The task » Every line of the material below, from the top through the line with "而3DMark的測試顯示出R", should be reproduced exactly.

┄┄┄┄┄┄

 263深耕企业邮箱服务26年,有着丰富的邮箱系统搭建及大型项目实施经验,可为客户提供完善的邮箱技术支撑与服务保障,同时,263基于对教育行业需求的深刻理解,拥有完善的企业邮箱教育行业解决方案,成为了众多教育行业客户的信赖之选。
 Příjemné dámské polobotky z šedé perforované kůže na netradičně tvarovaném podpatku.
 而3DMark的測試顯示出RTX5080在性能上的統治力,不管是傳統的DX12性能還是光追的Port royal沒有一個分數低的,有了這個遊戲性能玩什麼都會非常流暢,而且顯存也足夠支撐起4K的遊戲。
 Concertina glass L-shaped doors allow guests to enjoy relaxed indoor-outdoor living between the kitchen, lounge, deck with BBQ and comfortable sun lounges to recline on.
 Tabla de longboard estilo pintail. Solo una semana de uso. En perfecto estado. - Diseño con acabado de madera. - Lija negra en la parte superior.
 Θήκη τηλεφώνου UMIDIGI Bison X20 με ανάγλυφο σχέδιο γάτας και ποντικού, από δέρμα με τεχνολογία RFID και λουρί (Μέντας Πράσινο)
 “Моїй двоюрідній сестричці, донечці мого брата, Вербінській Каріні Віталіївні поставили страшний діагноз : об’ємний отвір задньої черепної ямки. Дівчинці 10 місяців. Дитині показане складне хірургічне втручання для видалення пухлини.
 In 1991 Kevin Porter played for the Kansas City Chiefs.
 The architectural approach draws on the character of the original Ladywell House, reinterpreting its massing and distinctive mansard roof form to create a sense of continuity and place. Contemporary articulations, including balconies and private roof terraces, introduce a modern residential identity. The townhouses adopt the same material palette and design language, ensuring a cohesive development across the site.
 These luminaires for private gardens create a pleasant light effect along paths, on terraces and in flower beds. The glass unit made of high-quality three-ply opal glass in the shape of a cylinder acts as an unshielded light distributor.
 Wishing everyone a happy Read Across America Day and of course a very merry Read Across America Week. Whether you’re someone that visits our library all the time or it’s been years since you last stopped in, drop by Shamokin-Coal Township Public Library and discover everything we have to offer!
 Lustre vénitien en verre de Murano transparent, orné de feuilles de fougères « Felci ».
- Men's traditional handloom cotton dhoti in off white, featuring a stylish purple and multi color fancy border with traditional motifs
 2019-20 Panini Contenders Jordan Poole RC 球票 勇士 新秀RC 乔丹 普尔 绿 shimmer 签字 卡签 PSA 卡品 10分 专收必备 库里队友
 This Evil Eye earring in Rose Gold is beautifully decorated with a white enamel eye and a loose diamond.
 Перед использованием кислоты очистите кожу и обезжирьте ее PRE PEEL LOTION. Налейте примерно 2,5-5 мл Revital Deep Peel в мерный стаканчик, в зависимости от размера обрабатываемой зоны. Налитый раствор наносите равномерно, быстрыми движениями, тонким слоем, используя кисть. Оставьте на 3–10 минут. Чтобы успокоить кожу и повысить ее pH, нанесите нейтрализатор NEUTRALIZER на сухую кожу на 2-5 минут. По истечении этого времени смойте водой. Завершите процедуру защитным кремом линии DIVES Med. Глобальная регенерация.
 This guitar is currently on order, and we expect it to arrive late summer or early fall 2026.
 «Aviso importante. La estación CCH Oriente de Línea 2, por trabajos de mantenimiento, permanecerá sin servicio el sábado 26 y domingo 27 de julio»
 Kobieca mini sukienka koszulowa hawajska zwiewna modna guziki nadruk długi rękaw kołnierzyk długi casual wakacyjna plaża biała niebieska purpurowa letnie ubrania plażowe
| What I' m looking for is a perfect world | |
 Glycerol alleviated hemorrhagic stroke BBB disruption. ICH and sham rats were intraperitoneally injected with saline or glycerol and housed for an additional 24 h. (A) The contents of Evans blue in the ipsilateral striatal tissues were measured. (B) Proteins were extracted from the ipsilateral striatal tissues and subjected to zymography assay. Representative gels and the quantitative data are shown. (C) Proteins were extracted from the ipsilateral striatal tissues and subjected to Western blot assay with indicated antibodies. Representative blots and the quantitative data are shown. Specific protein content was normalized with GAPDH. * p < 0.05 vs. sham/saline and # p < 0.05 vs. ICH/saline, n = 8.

┄┄┄┄┄┄

Response »
 263深耕企业邮箱服务26年,有着丰富的邮箱系统搭建及大型项目实施经验,可为客户提供完善的邮箱技术支撑与服务保障,同时,263基于对教育行业需求的深刻理解,拥有完善的企业邮箱教育行业解决方案,成为了众多教育行业客户的信赖之选。
 Příjemné dámské polobotky z šedé perforované kůže na netradičně tvarovaném podpatku.
 而3DMark的測試顯示出RTX5080在性能上的統治力,不管是傳統的DX12性能還是光追的Port royal沒有一個分數低的,有了這個遊戲性能玩什麼都會非常流暢,而且顯存也足夠支撐起4K的遊戲。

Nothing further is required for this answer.